Create output folder inside java project
1. command to compile WordCount.java file
```
javac --release 8 -cp "lib/*" -d output/WordCount "src/WordCount.java"
```
2. command to create a jar file for the WordCount program
```
jar -cvf src/WordCount.jar -C output/WordCount .
```
command to run hadoop jar
```
hadoop jar C:\\Users\\labuser\\Desktop\\MCA54\\WordCountApp\\src\\WordCount.jar WordCount /mca54/sample-data.txt /mca54/output/WordCount
```
"C:\\Users\\labuser\\Desktop\\MCA54\\WordCountApp\\src\\WordCount.jar" is the path of the jar file present in the local system

"/mca54/sample-data.txt" is the path of the input files present on the hadoop server.
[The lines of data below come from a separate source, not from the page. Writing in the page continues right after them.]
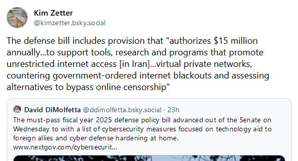 Congress passes NDAA with cyber provisions: The US Congress has passed the 2025 National Defense Authorization Act. This year, the NDAA included several cyber provisions, such as cyber and technology aid for foreign allies and US cyber defense hardening projects. [Additional coverage in NextGov]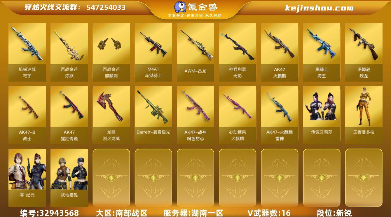 湖南一区-18V-0王者武器数-0炫金武器数 【传说角色】:传说艾莉莎 【热门武器】:炼狱-迷你小钢,汤姆逊-烈龙*3 【音效卡】:炼狱-百战金芒-庆典舞曲音效卡 【皮肤】:M4A1-再燃火线,火麒麟-雷神,火麒麟-心动糖果,战神-粉色甜心皮肤,修罗-百战金芒 皮肤,轻型军用手斧-再燃火线 【角色】:零·纪元,战地猎狐,王者潘多拉,奇洋探员,乔伊教练,云海玲珑,葵-阿尔法武装,暗夜-X,北极狐-X,初恋灵狐,芳心审判者,风暴女,虎妞,嘉年华灵狐,娟娟,灵狐者-X,麻雀,曼陀罗-X,萌儿,潘多拉-X,潘多拉-甜心教官,青霞仙子,斯沃特-X,蜀雪,铁骑荣耀,兔囡囡,影武者-X,智影,潘多拉-N 【人偶武器】:炼狱-迷你小钢,迷你钢铁终结者,跳跳鲨,AWM-灵狐-15周年嘉年华*2,迷你裂空之翼*5,迷你波特博士*5,夺魂*2,迷你牛牛,迷你火种*2,迷你生化手雷,生化手雷-机甲核心*2,深渊终结者手雷,闪光弹-小乔,迷你巨石泰坦-魔花研究所,灵狐娃娃手雷 【暴走生化】:黑龙吞噬者,超级对讲机 【挑战大师】:神圣爆裂者III,激光毁灭者III-白马银枪,VEPR-12-金魔*2,机甲撕裂者III,试炼破坏者III,KAC-圣炎切割者III,神圣爆裂者-末日III,阐释者III*3,封神放逐者III 【英雄级...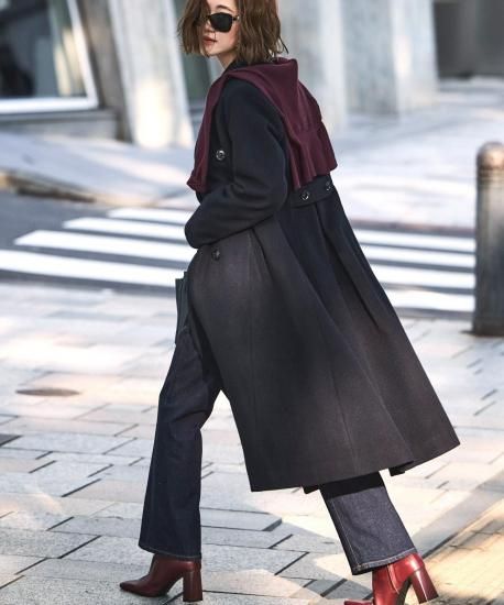 ブラックのボタンがアクセントになり、全体を引き締めてスタイリッシュに。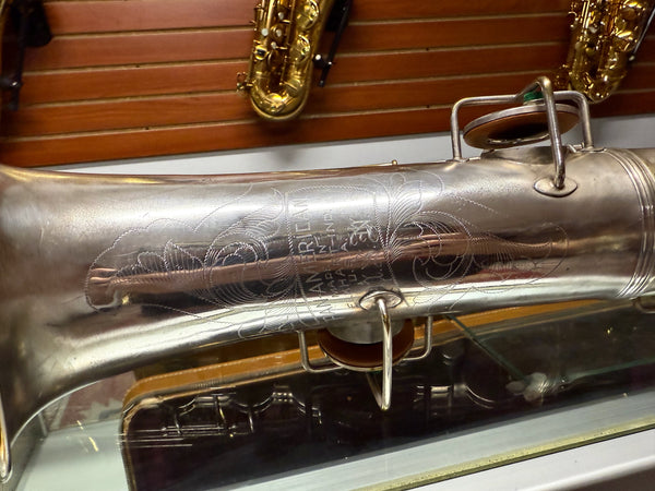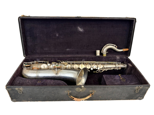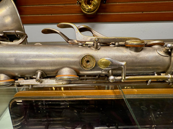 This saxophone is sold as not working and has its fair share of scratches, knicks, dings, dents, fleabites, patina, tarnish, metal wear, used marks and other various anomalies associated with such an old not working antique.
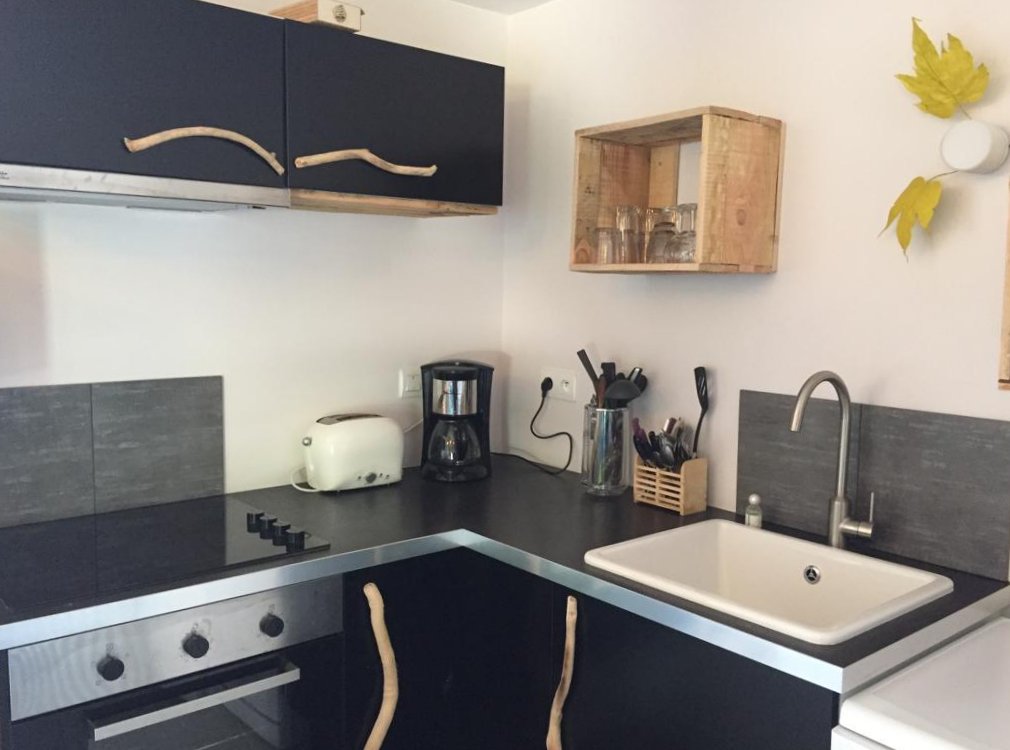 Cuisine ouverte entièrement équipée, lave-vaisselle.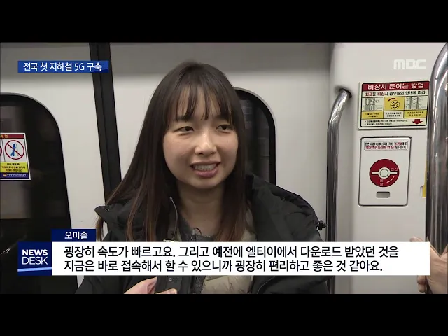 (앵커) 전국 지하철 가운데 처음으로 광주 지하철에 5G망이 구축됐습니다. 영화 한 편을 다운로드 받는 데 5초도 채 안 걸린다고 합니다. 이재원 기자입니다. (기자) 걸어가고 있는 동안에도 증강 현실의 캐릭터가 쉴새없이 움직이고, 달리는 지하철 안에서도 데이터 끊김없이 증강 현실을 즐길 수 있습니다. LTE급 통신망...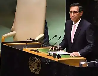 Finally, on September 24, 2019, Vizcarra addressed the 74th United Nations General Assembly, outlining his administration's proposal to advance elections as a measure to reinforce constitutional governance. He emphasized Peru's commitment to anti-corruption reforms and called for a global initiative to combat corruption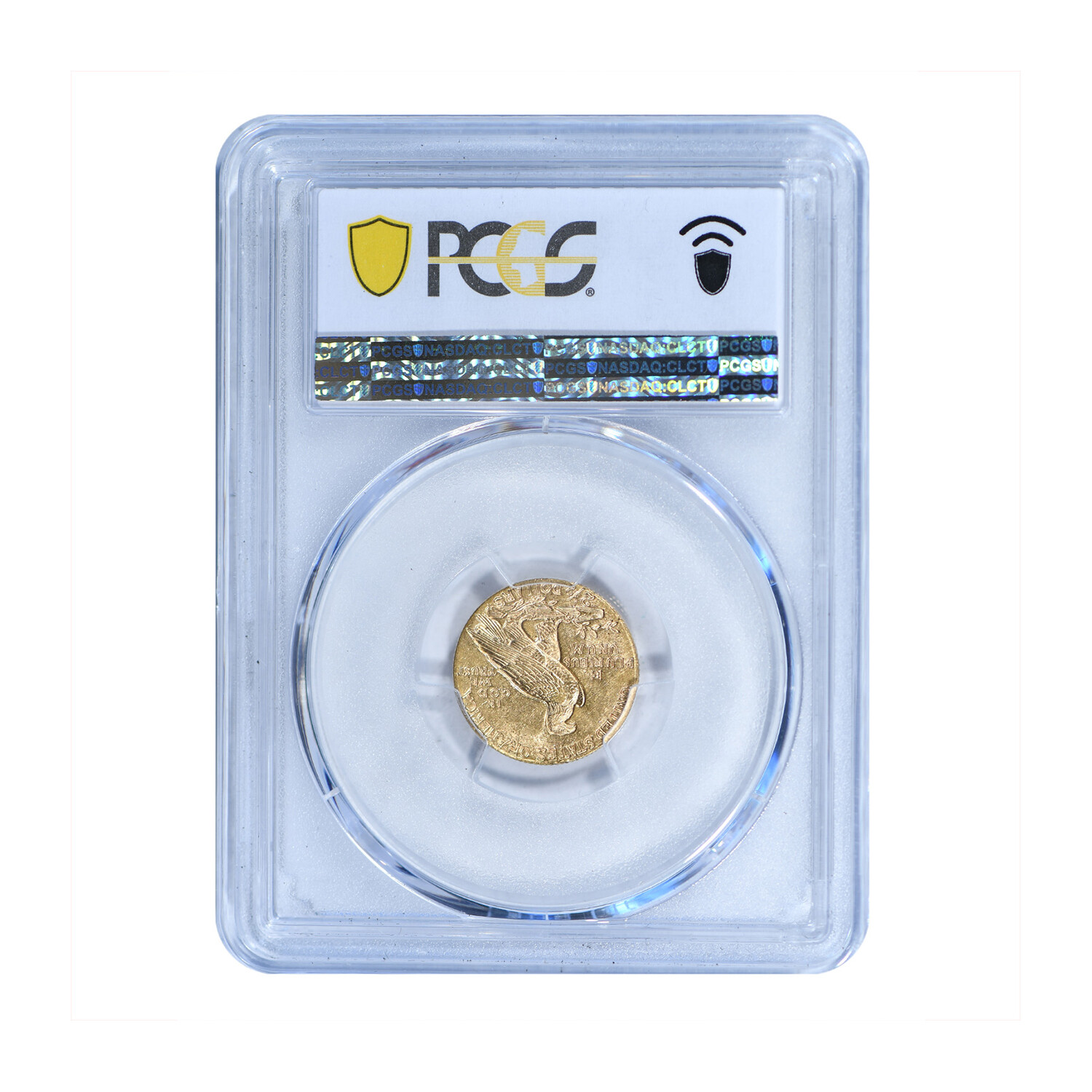 By the early 20th century, the designs of U.S. gold coins were long overdue for a makeover. The Liberty Head design had been employed for nearly 60 years with little modification. President Theodore Roosevelt took personal interest in redesigning the nation’s gold coins and commissioned famed sculptor Augustus Saint-Gaudens to create new patterns for the $10 and $20 gold pieces, which debuted in 1907 with much fanfare. The new $2.50 and $5 designs followed the next year. These two coins are distinctly unusual because they are the only U.S. coins with incuse designs-- that is, the letters and images are depressed into an otherwise flat plane.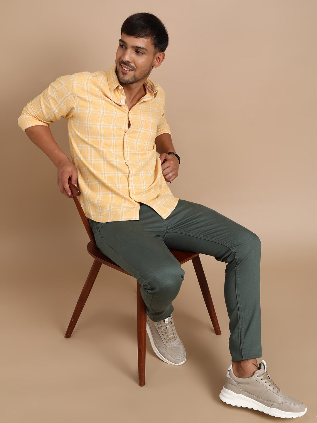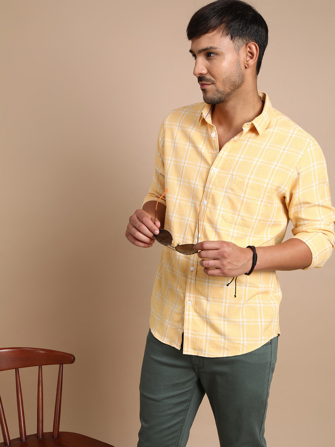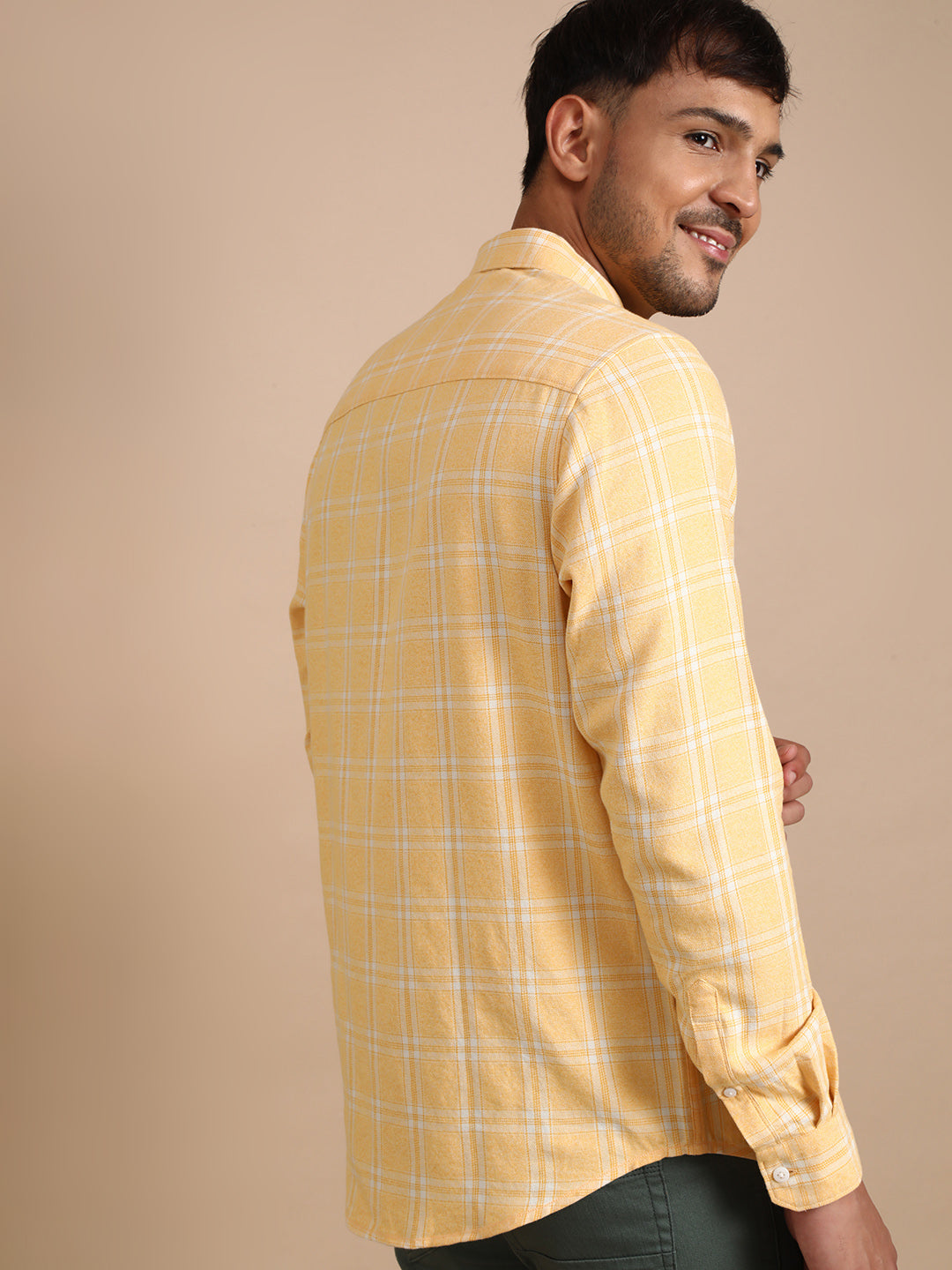 Casual Yellow Checked Full Sleeve 100% Cotton Shirt

"/mca54/output" is the path of the output folder where i wish to upload all the output files on the hadoop server.
Output (Without Combiner):
Output (With Combiner):

command to run hadoop jar for mutiple input files

Create the directory
```
hdfs dfs -mkdir /mca54/sample-files
```

Move the file from local to hdfs

hdfs dfs -copyFromLocal C:\\Users\\labuser\\Desktop\\MCA54\\WordCountApp\\assets\\sample-files\\input-file-1.txt /mca54/sample-files

hdfs dfs -copyFromLocal C:\\Users\\labuser\\Desktop\\MCA54\\WordCountApp\\assets\\sample-files\\input-file-2.txt /mca54/sample-files

hdfs dfs -copyFromLocal C:\\Users\\labuser\\Desktop\\MCA54\\WordCountApp\\assets\\sample-files\\input-file-3.txt /mca54/sample-files

running hadoop jar.
```
hadoop jar C:\\Users\\labuser\\Desktop\\MCA54\\WordCountApp\\src\\WordCount.jar WordCount /mca54/sample-files /mca54/output/multipleFilesOutput
```
"C:\\Users\\labuser\\Desktop\\MCA54\\WordCountApp\\src\\WordCount.jar" is the path of the jar file present in the local system

"/mca54/sample-files" is the path of the input files present on the hadoop server directory.

"/mca54/output" is the path of the output folder where i wish to upload all the output files on the hadoop server.